By default, Dataproc jobs will not automatically restart on failure. By using optional settings, you can set jobs to restart on failure. When you set a job to restart, you specify the maximum number of retries per hour (max value is 10 retries per hour) and/or the maximum number of total retries (max value is 240 total retries).
Restarting jobs mitigates common types of job failure, including out-of-memory issues and unexpected Compute Engine virtual machine reboots. Restartable jobs are particularly useful for long-running and streaming jobs. For example, you can restart Spark streaming jobs running on Dataproc clusters to ensure that the streaming jobs are resilient.
Restartable job semantics
The following semantics apply to reporting the success or failure of jobs:
- A job is reported successful if the driver terminates with code
0
. - A job is reported failed if:
- The driver terminates with a non-zero code more than 4 times in 10 minutes.
- The driver terminates with a non-zero code, and has exceeded the
max_failures_per_hour
or themax_failures_total
setting.
- A job will be restarted if the driver exits with a non-zero code, is not
thrashing, and is within the
max_failures_per_hour
andmax_failures_total
settings.
Job design considerations
- Design your jobs to gracefully handle restarting.

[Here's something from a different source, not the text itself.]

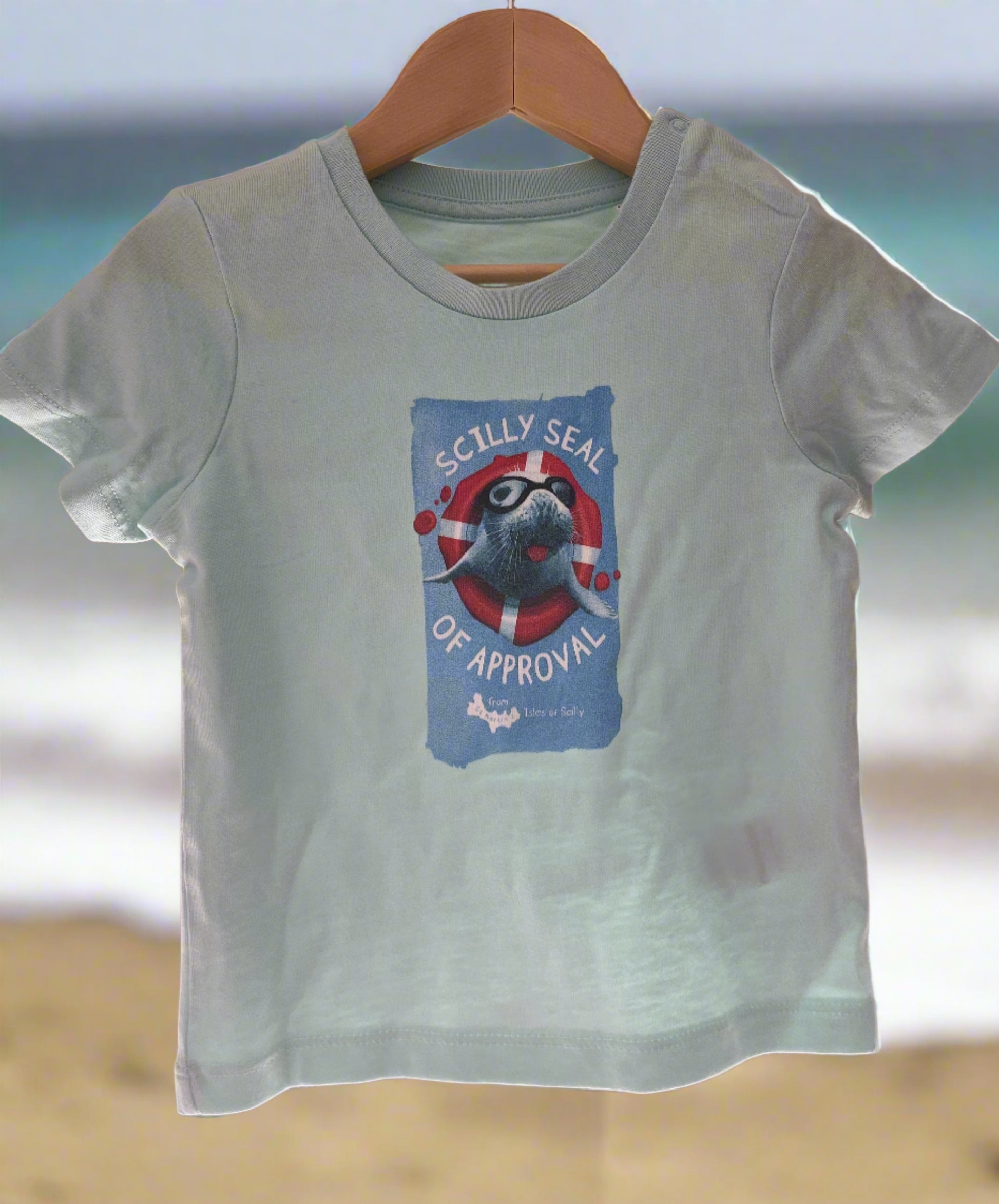In the beautiful chrystal clear light lagoon colour of Scilly's sea in summer, this organic cotton tee features our cheeky Scilly Seal. It is available to fit little ones aged 0-6 months through to 24-36 months. So no matter how small you are, you can still Get Your Scilly On!

For example, if your job writes to a directory, your job accommodate the possibility that the directory will exist when the job is restarted.
- Apache Spark streaming jobs that checkpoint can be restarted after failure, but they will not report Yarn status.
Creating and using restartable jobs
You can specify the maximum number of times a job can be restarted per hour and the maximum number of total retries when submitting the job through the gcloud CLI gcloud command-line tool, the Dataproc REST API, or the Google Cloud console.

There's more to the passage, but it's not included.